Sunday, May 23, 2010

Steps to Make the Most of Your Witchin' in the Kitchen

* When you clean your kitchen, try putting an herbal infusion in your bucket of mop water. Rosemary and sage are nice all-purpose spiritual cleansers. You can also simply add salt to the water. Try rose and lavender for love, citrus for protection, and cinnamon for prosperity.

* Burn sage or rosemary.

* Get a good book on magical herbs, such as Cunningham's. Go through the book and become familiar with herbs for specific purposes. Put the ones that go best together into your dishes. For example, spices such as ginger, garlic and chili are good protective ingredients and taste good together in a curry.

* Stir clockwise. Scrub counter-clockwise if you feel the need.

* A pot of basil growing in the kitchen promotes love. Bundles of rosemary are good for protection. A dish of sesame seeds draws money.

* You can use a solution of salt water to trace protective runes onto the doors, walls and cabinets in your kitchen. Only you will know they are there!

* If you have a kitchen deity but don't have room for an altar, simply find a picture and hang it up in your kitchen. You can make offerings as you see fit.

* Light a candle as you cook. Light pink for love, green for prosperity or healing, blue or purple for psychic awareness, etc.
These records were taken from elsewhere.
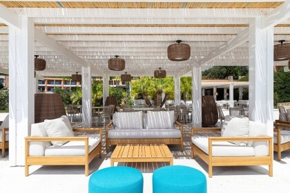 Il nuovo punto bar e bistrot di Is Molas con vista sul campo da golf e il mare di Pula.
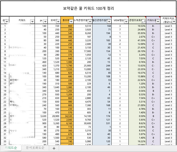 2. 총조회수(검색량) 100 ~ 3,000(문서발행량 및 문서포화도에 따라 1,2건 3,000이상 포함)
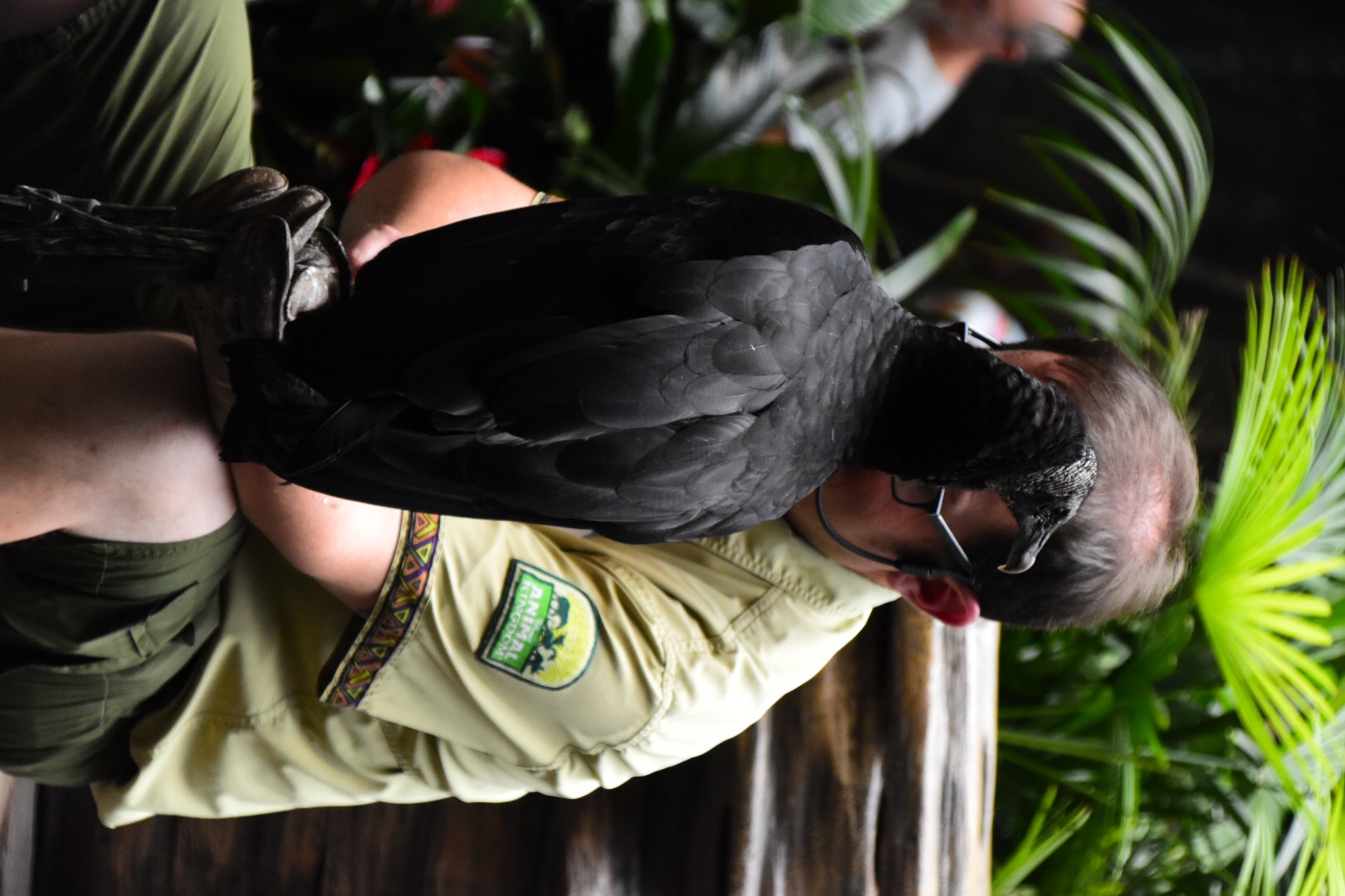 The show had a lot of birds to constantly fill the theater. One interactive part of the show had audience members form a “tree branch” tunnel and have a bird fly through at great speed. For those remembering the former bird show in the same place, Frasier the Crane and Hope the Bald Eagle are still in the show.
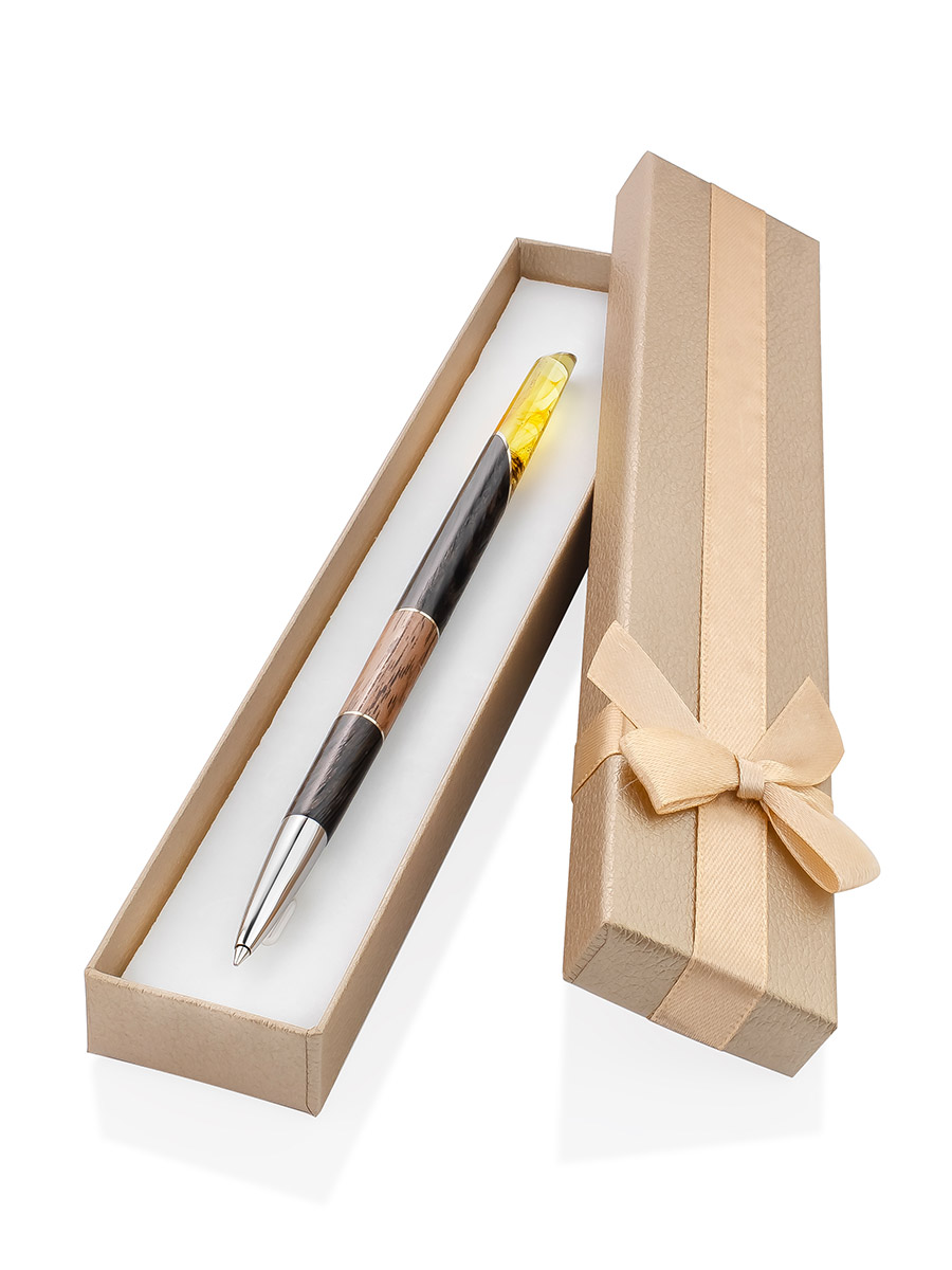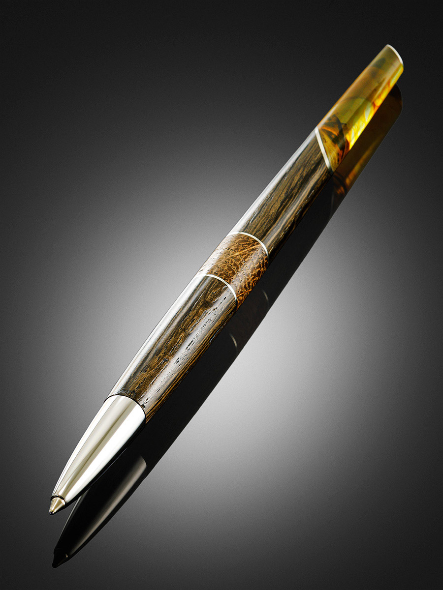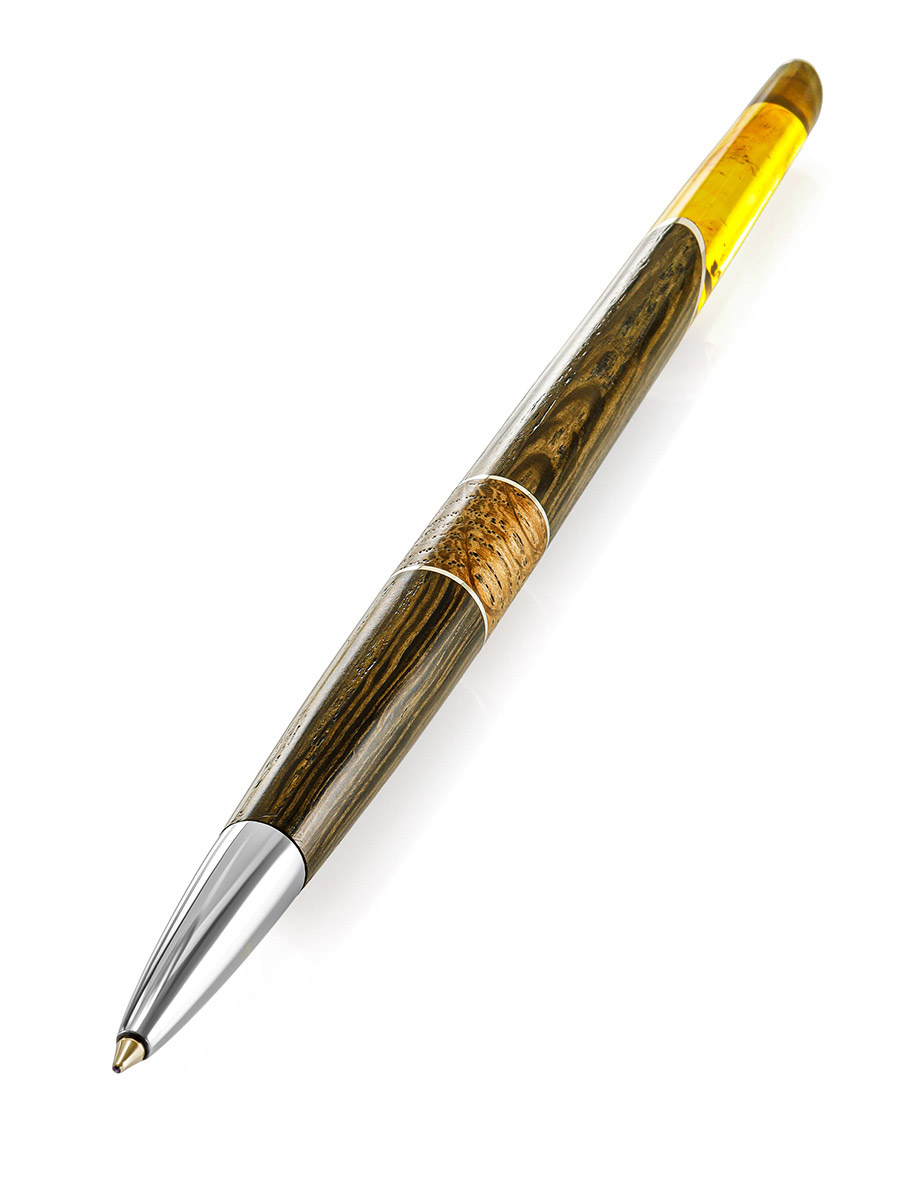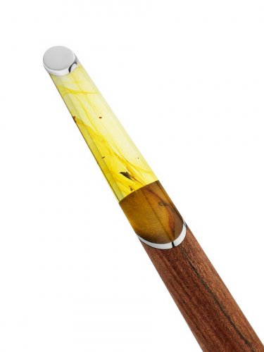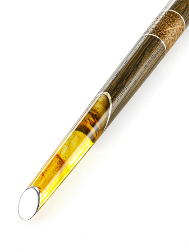 Ручка из дерева и натурального цельного балтийского янтаря с инклюзами «Олливандер»

*Enter the kitchen with love in your heart. Try not to prepare foods when you are in a foul mood, as this energy might transfer to the food. That might sound silly to some, but I always try to think of good things when I am cooking. Maybe I've read Like Water for Chocolate too many times!

*Listen to music that calms you, energizes, you, or fills you with love and warmth as you cook. Listen to some loud rock if you're making a dish for protection and really use the sound and energy to work up some protection! Listen to soft, soothing music if you are making a recipe for love. Listen to a meditation track or trance music if you are making something to promote psychic awareness.
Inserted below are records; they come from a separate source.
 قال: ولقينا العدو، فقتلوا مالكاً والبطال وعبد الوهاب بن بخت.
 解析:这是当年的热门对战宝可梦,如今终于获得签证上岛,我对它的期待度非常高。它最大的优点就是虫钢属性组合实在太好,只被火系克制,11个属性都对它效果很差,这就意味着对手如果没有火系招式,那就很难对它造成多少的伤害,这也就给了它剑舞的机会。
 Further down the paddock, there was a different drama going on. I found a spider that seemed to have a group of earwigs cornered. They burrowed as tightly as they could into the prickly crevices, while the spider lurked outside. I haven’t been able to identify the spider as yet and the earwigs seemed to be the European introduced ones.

*Enjoy yourself. The kitchen is a place to play and to create. You are taking the gifts of the gods and combining them to create new tastes and sometimes to create magic. Have fun! Fill your work with love and people will be able to taste the care you've put into the food. Things taste better when prepared with love.

Saturday, July 18, 2009

A Charge of/Prayer to the Kitchen Goddess

One thing I would like to include in my book is a small section on prayers and chants of thanksgiving. I welcome submissions from friends and will gladly credit anyone who has anything s/he wishes to share.
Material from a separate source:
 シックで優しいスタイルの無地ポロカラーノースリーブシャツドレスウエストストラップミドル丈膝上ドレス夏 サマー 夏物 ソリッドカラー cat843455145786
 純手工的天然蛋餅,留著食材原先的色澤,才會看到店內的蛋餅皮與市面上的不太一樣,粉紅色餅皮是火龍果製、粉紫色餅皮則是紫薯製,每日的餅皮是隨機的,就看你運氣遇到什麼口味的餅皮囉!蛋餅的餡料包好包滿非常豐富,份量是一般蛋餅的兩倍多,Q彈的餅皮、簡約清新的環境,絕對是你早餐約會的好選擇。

This is not quite the Charge of the Kitchen Witch (hopefully one is forthcoming); rather more of a Charge of the Earth Mother, She who provides us with food:

Listen to the words and whispers of the Great Mother,
She who hath provided us with Her bounty
She who has been and is known as Hestia, Vesta, Annapurna, Brigid, Ut
Whenever you are hungry,
you shall find Her at the sacred hearth
Go there, and be nourished
Our first meal came from Her breast
Her body sustains us
Sit by the sacred fire and stir the sacred cauldron
Feed yourself from the Earth Mother’s bounty
And know that all that comes from Her must one day return
Give thanks for this meal in this time and place
Give thanks to all that She has provided
Know that the meal in which you partake
Will warm your body and soul
Know that this is an expression of love
May your hunger and thirst be banished with this act of love
From this day until your last

Sunday, May 17, 2009

Kitchen Deities, Part II

There are so many aspects of the Divine that are associated with the hearth, fire, and food preparation. And why not? Food sustains life, and that which sustains life is sacred. These days, many of us are fortunate to have an abundant supply of affordable food. Sadly, though, many are not. For those of you interested in helping feed those in need, donating non-perishable food to a local food pantry can be a ritual in itself. Just leave the food with a prayer that it nourish those who receive it.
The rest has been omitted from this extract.